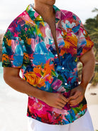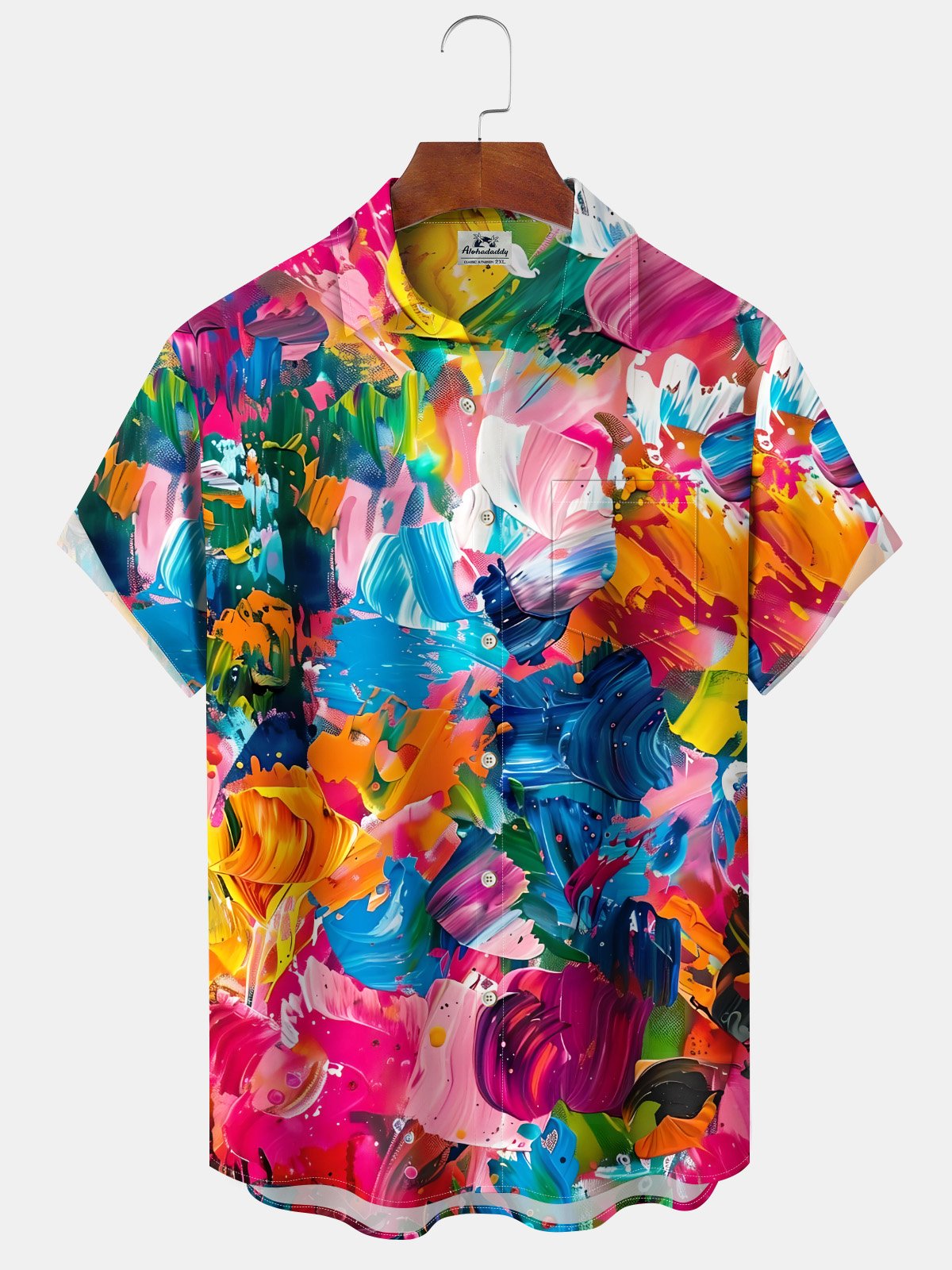 Alohadaddy Oil Painting Abstract Art Print Art Moisture Wicking Chest Pocket Hawaiian Short Sleeve Shirt
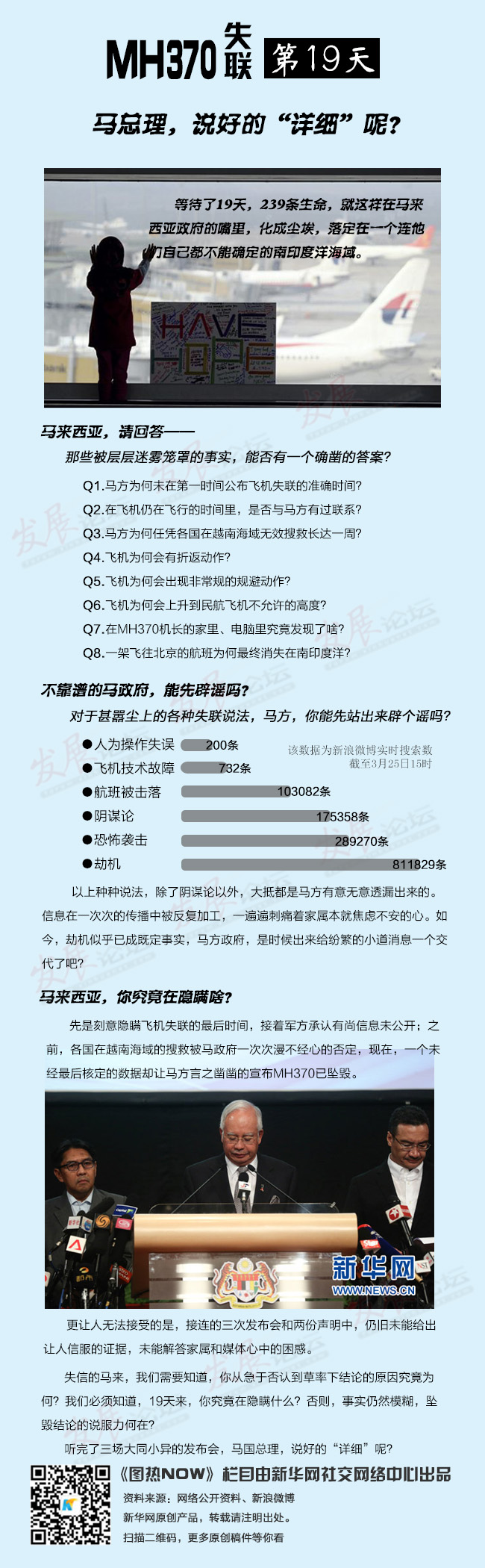 等待了19天,239條生命,就這樣在馬來西亞政府的嘴里,化成塵埃,落定在一個連他們自己都不能確定的南印度洋海域。事實(shí)仍然模糊,結(jié)論的說服力何在?馬國總理,你說好的“詳細(xì)”呢?
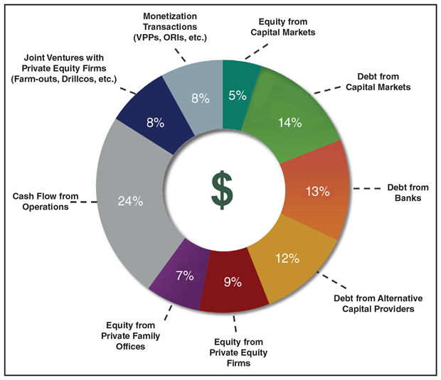 Private money–both equity and debt–remains a major source of both operating expenses and capital expenses for independents. There seems to be plenty of money, plenty of limited partners willing to invest and no reluctance by general partners or management firms to lather, rinse and repeat with experienced management teams, according to Adams.
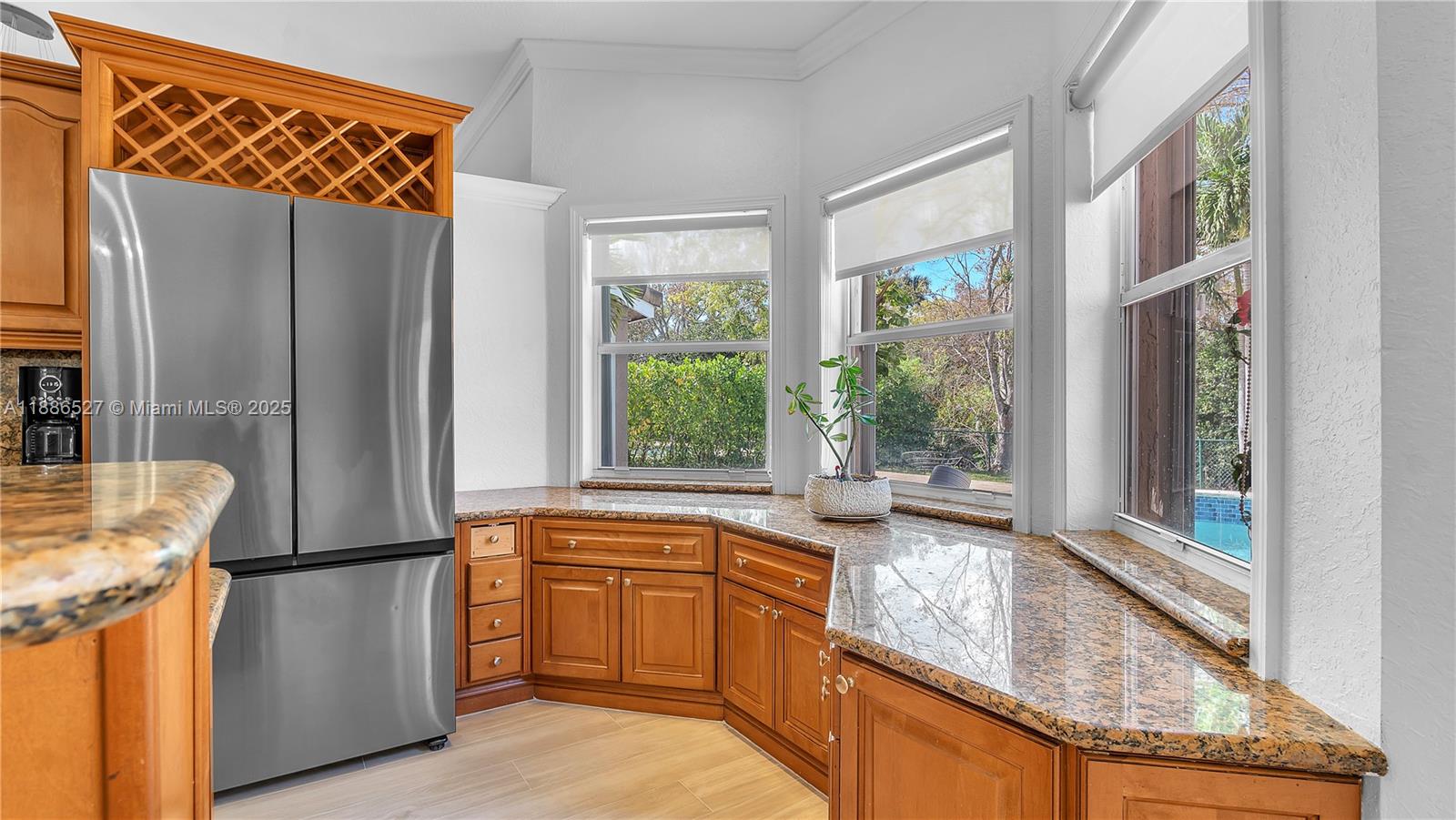 Discover this stunning 4-bedroom, 2-bathroom pool home in the exclusive gated community of Alhambra, featuring serene west-facing views of a private preserve. Freshly painted and boasting a series of recent upgrades, this home is move-in ready. Enjoy the durability and style of a concrete tile roof installed in 2018, elegant porcelain wood-like flooring, and new kitchen appliances. Additional upgrades include a new AC system, and hurricane impact garage door. This home is has hurricane impact accordion shutters, a brick paver driveway, and a split floor plan with an open concept that's perfect for entertaining. Additional features include a two-car garage, energy-efficient LED fixtures. Located in a community with top-rated schools and offering easy access to I-75 and US-27.

- PROMPT -
Nothing but the lines from the start of the listing through the line with "等待了19天,239條生命,就這樣在馬來" belongs in the answer, each one retyped exactly and without pictures.

- RESULT BELOW -
 Alohadaddy Oil Painting Abstract Art Print Art Moisture Wicking Chest Pocket Hawaiian Short Sleeve Shirt
 等待了19天,239條生命,就這樣在馬來西亞政府的嘴里,化成塵埃,落定在一個連他們自己都不能確定的南印度洋海域。事實(shí)仍然模糊,結(jié)論的說服力何在?馬國總理,你說好的“詳細(xì)”呢?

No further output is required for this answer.